On Tue, Dec 27, 2011 at 4:03 PM, Alex Zhang <alex.zhang at ymail.com> wrote:
> John,
>
> Thank you for your comment.
>
> There is no secret. But the actual function I need to call is rather irrelevant. However don't take it as the "abs" function. If you like to know, it is a function that converts 4 kinds of old ids from several old database tables into a new id in a new database. Again, I don't think providing such detail is better than saying MyDummyFunc maps a number into a number but doesn't work with vectors.
>
> All I need to do, is to call DummyFunc for every element in a column of a data.frame and returns the resulted vector. But, I cannot change DummyFunc. Correct me if I am wrong: this is rather common in a group collaboration enviroment.

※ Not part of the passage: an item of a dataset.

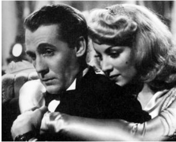
1944 AMOK (Amok) d'Antonio Momplet avec Julian Soler

Person A may be responsible for writing a function and person B who needs to use that function cannot or better not change it.
>
> Obviously, I could write a loop. Michael in a previous post suggested using vectorize which works perfectly. As a newbie of R, I would wish to learn more ways to achieve my goal (sorry, it automatically involves "how" not just "what" ;). Is there a way using a "*apply" function to do it where * stands for any function.
>
> Thanks a lot!
>
>
> ________________________________
>  From: John Fox <jfox at mcmaster.ca>
> To: 'Alex Zhang' <alex.zhang at ymail.com>
> Cc: r-help at r-project.org
> Sent: Tuesday, December 27, 2011 4:06 PM
> Subject: RE: [R] sapply Call Returning " the condition has length > 1" Error
>
> Dear Alex,
>
>> -----Original Message-----
>> From: Alex Zhang [mailto:alex.zhang at ymail.com]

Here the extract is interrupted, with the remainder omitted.